== EXTRACTED MATERIAL ==
-- Opening Marker --

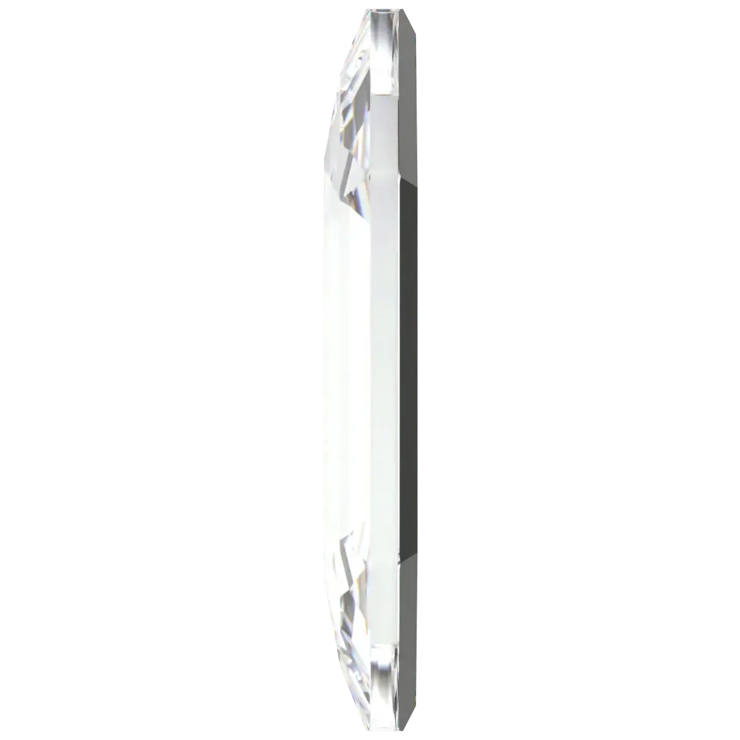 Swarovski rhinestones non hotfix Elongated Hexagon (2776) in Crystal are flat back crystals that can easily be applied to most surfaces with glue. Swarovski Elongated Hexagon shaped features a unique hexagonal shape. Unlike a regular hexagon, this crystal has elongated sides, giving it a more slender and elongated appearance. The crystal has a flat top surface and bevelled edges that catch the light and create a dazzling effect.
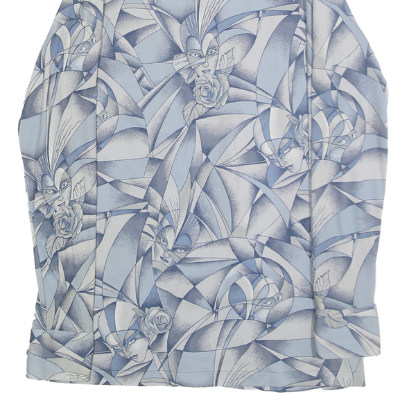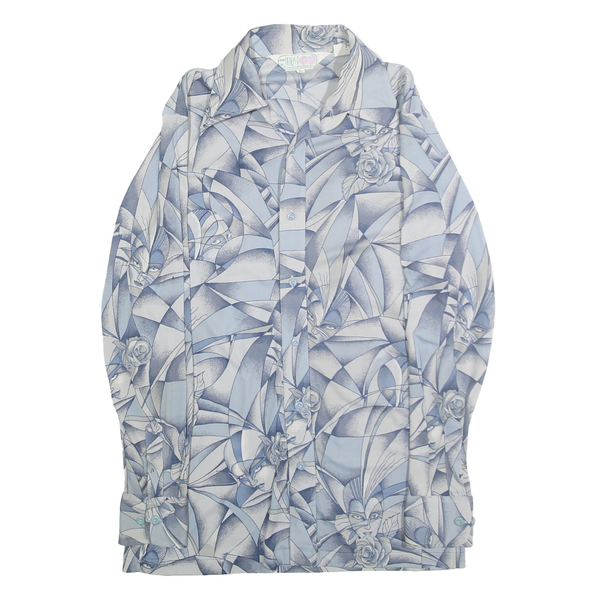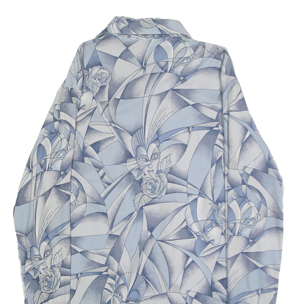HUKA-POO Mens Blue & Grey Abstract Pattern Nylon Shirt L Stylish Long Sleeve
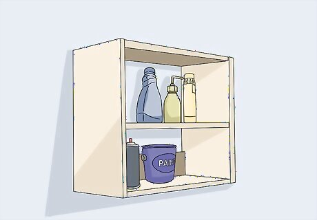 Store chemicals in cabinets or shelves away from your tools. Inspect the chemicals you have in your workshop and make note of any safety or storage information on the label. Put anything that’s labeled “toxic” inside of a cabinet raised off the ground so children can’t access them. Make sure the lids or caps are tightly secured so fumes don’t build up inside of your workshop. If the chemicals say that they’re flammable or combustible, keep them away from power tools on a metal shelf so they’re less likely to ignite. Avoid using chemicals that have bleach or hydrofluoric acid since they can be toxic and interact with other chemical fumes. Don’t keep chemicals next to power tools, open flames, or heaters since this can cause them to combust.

-- Closing Marker --
-- Opening Marker --

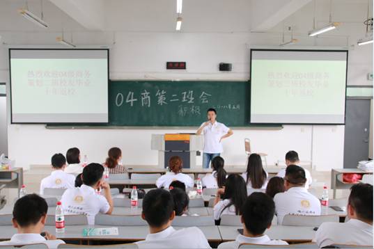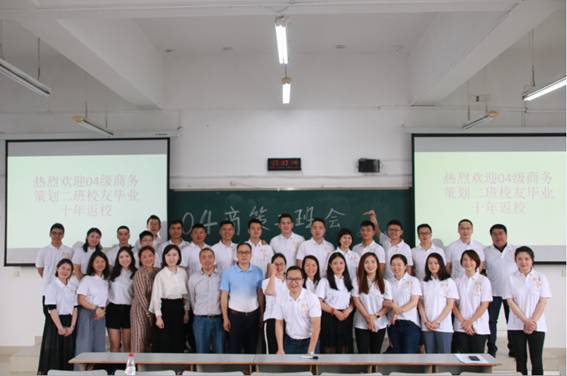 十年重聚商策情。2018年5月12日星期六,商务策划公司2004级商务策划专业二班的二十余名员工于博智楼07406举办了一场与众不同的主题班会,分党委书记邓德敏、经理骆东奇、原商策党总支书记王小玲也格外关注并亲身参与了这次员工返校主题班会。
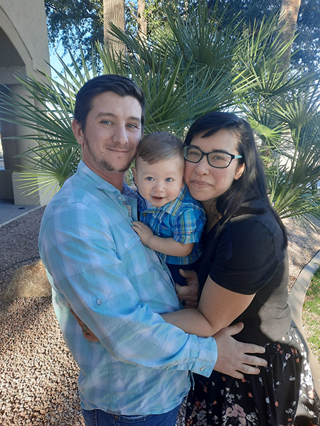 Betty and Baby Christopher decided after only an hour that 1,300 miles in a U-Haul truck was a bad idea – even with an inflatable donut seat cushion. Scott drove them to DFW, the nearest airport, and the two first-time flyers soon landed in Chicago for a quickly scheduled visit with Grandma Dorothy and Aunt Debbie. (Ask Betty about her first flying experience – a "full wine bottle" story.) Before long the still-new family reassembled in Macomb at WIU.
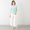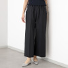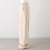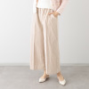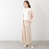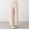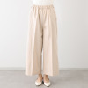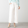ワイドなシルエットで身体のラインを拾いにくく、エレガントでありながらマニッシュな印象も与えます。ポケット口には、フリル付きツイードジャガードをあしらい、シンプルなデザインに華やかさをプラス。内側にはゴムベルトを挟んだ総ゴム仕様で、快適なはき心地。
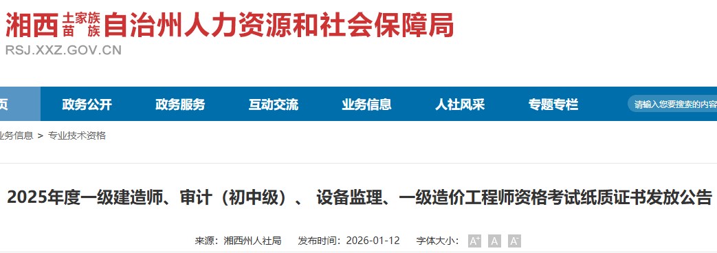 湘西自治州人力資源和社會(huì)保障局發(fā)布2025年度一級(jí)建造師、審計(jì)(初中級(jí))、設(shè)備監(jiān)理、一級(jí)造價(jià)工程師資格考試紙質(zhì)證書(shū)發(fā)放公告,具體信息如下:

-- Closing Marker --

== WHAT IS REQUIRED ==
Look through the listing above for the line with "ワイドなシルエットで身体のラ" and the line with "湘西自治州人力資源和社會(h". Write out exactly those lines and everything between, leaving out pictures.

== RESULT FOR THIS EXERCISE ==
ワイドなシルエットで身体のラインを拾いにくく、エレガントでありながらマニッシュな印象も与えます。ポケット口には、フリル付きツイードジャガードをあしらい、シンプルなデザインに華やかさをプラス。内側にはゴムベルトを挟んだ総ゴム仕様で、快適なはき心地。
 湘西自治州人力資源和社會(huì)保障局發(fā)布2025年度一級(jí)建造師、審計(jì)(初中級(jí))、設(shè)備監(jiān)理、一級(jí)造價(jià)工程師資格考試紙質(zhì)證書(shū)發(fā)放公告,具體信息如下:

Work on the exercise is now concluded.